Several promising research directions could advance understanding of TTC39A function:

• Comprehensive expression mapping:

  • Detailed spatial and temporal analysis throughout development

  • Single-cell resolution mapping to identify cell types expressing TTC39A

  • Regulation of expression under various conditions

• Functional genomics:

  • CRISPR-based knockout and knock-in studies

  • Tissue-specific and inducible knockout models

  • Transcriptomic and proteomic analysis of mutants

• Structure-function relationships:

  • Structural characterization of the DUF3808 domain

  • Mutational analysis to identify functional regions

  • Comparative analysis with paralogs and orthologs

• Pathway integration:

  • Identification of upstream regulators and downstream targets

  • Integration with known developmental and physiological pathways

  • Small molecule modulator screening

• Translational studies:

  • Modeling human variants in zebrafish

  • Therapeutic target identification

  • Cross-species validation of findings

How might high-throughput approaches be applied to study TTC39A function in zebrafish?

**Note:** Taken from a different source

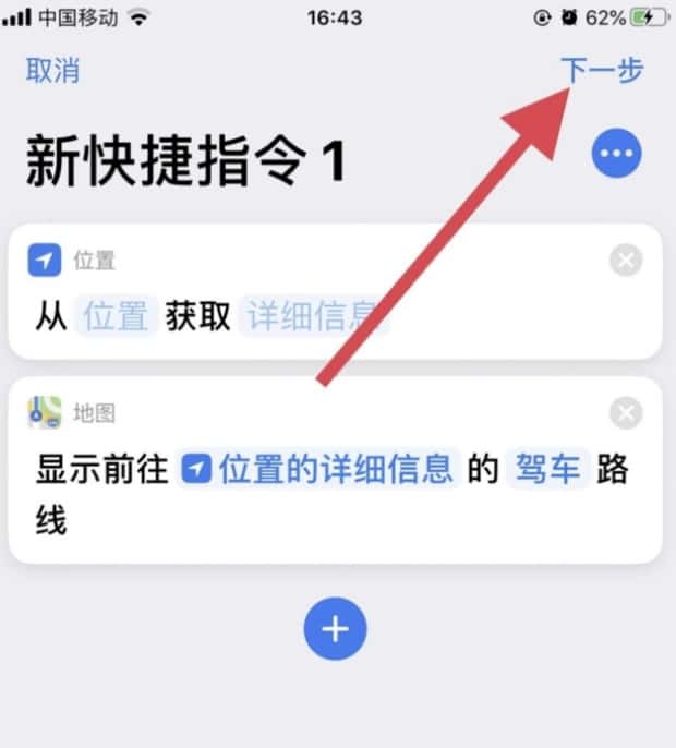 一个快捷指令,可以添加多个功能,完成后点击【下一步】。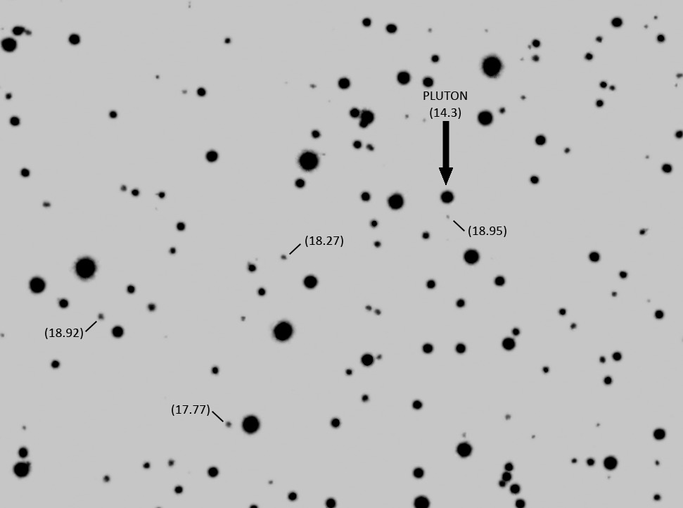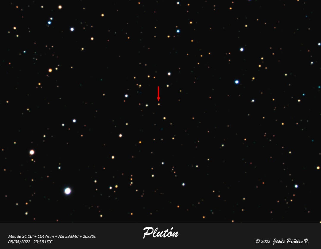 Planeta enano Plutón – 09 de agosto de 2022. Crédito de la imagen: Jesús Piñeiro, Caracas, Venezuela. El planeta enano Plutón en imagen en negativo y altamente contrastada. Pueden observarse estrellas fuera del umbral teórico de detección, estimado en Vmag +17m,8. Uso Vmag y no G, B o Rmag, por razones de simplicidad para mostrar los resultados. Esta detección, aparentemente fuera del umbral, puede deberse a varios factores, entre ellos, la sensibilidad espectral de la cámara, índice de color (B-V) y una posible variabilidad de la estrella. Sin embargo, el ejercicio es entretenido. Siempre hago estas inspecciones de rutina a mis fotografías. Es frecuente encontrar objetos no catalogado o transitorios en el campo, los cuales deben analizarse para descartar posibles artefactos producto de la captura, calibración o procesado de la imagen. |

High-throughput approaches offer powerful tools for studying TTC39A:

• CRISPR screening:

  • Genome-wide CRISPR screens to identify genetic interactions

  • Targeted CRISPR libraries focusing on pathway components

  • Single-cell CRISPR screens to identify cell-specific effects

• Chemical genetics:

  • Small molecule screens to identify modulators of TTC39A function

  • Chemogenomic profiling to place TTC39A in functional networks

  • Structure-based virtual screening for binding partners

• Multi-omics integration:

  • Integrated transcriptomic, proteomic, and metabolomic analysis

  • Network modeling of TTC39A function

  • Machine learning approaches to predict function from omics data

• High-content imaging:

  • Automated phenotyping of TTC39A mutants

  • Real-time imaging of protein dynamics

  • Multiplexed imaging of interaction partners and pathway components

What are the key considerations for researchers beginning work with recombinant Danio rerio TTC39A?

Researchers beginning work with recombinant Danio rerio TTC39A should:

• Acknowledge knowledge gaps: The function of TTC39A remains poorly understood, requiring careful experimental design and multiple approaches.

• Standardize protocols: Pay particular attention to experimental parameters known to affect zebrafish studies, including strain selection, dechorionation status, and exposure conditions .

• Implement comparative approaches: Leverage the evolutionary conservation between zebrafish and human TTC39A (60.8% identity, 76.0% similarity) while acknowledging potential functional differences.

• Develop multiple tools: Generate antibodies, transgenic reporters, and CRISPR mutants to enable comprehensive functional analysis.

• Address technical challenges: Anticipate difficulties with protein expression and purification due to predicted transmembrane domains and develop appropriate strategies.

• Collaborate across disciplines: Combine structural biology, developmental biology, and systems biology approaches to build a comprehensive understanding of TTC39A function.